We tend to define our lives through bad and good. If life is good, God is great, and He loves us. Yet, when life is bad, we wonder where God is. Yet, in the New Covenant, it is our togetherness with Christ that defines life, and that togetherness is always happening, in the good, the bad, and the ordinary. Christ defines the moments of our lives. They are all holy, just as we are holy.
We have no trouble accepting such words when life is pleasing, and we have a visible sign of God’s love. Yet, these visible signs are just that… signs. They point to the presence of the infinite, the unseen, a glory that cannot be seen with the eyes. This is the glory that is and always is. Blessed are those who see it, because only in doing so do we apprehend God’s love.
We may concede that God is in the ordinary, too. That is most of life. There are highs and lows in-between large stretches of the ordinary. But God is in the mundane, too. It is an extraordinary gift to discover the glory that is there. It raises the value of our lives to the heavens. When we see the infinite defines the finite, we know every moment of our lives is sacred. Our togetherness with Christ gives meaning to the moments of our lives. To realize this is to behold the glory of the ordinary.
Yet, what about the bad? God can’t be there, can He? The apostle Paul had a lot to say about suffering, and he was well acquainted with it. In the Old Covenant, if bad things were happening, people believed you had done bad things, or your parents did bad things. Suffering was associated with God’s wrath. Astonishingly, this paradigm changes dramatically in the New Testament. Instead, Paul associates suffering with glory!
For our light affliction, which is but for a moment, is working for us a far more exceeding and eternal weight of glory. (2 Corinthians 4:17)
Finite suffering is the perfect place for God to reveal infinite glory. It is at the end of our finite measures of life that we often comprehend God’s infinite measure of life, which is Christ. The apple of God’s eye is the one to whom God has given Himself, and that gift not only defines us but every moment of our lives. The world says life is good, but it sometimes isn’t. I say life is glorious, and it always is.

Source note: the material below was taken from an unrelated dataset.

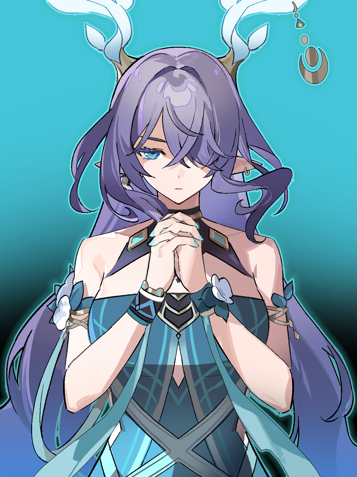 1girl antlers aqua_nails bare_shoulders blue_dress blue_eyes chinese_commentary closed_mouth commentary_request dress earrings genshin_impact green_background hair_ornament hair_over_one_eye highres horns jewelry lauma_(genshin_impact) long_hair looking_at_viewer official_alternate_costume own_hands_clasped own_hands_together pointy_ears purple_hair shuimusang_lingganguban solo upper_body

We can see why Paul prayed God would help us comprehend Christ’s love. He knew the ego with its measure of self and the bad and good of life could never grasp it. It had to be revealed, and its unveiling is the ego’s end and the beginning of the new creation, the apple of God’s eye.
The apple of God’s eye is an identity that unfolds in our lives. That is why we should pray to comprehend it. As we do, God’s show begins, and it continues for all of eternity.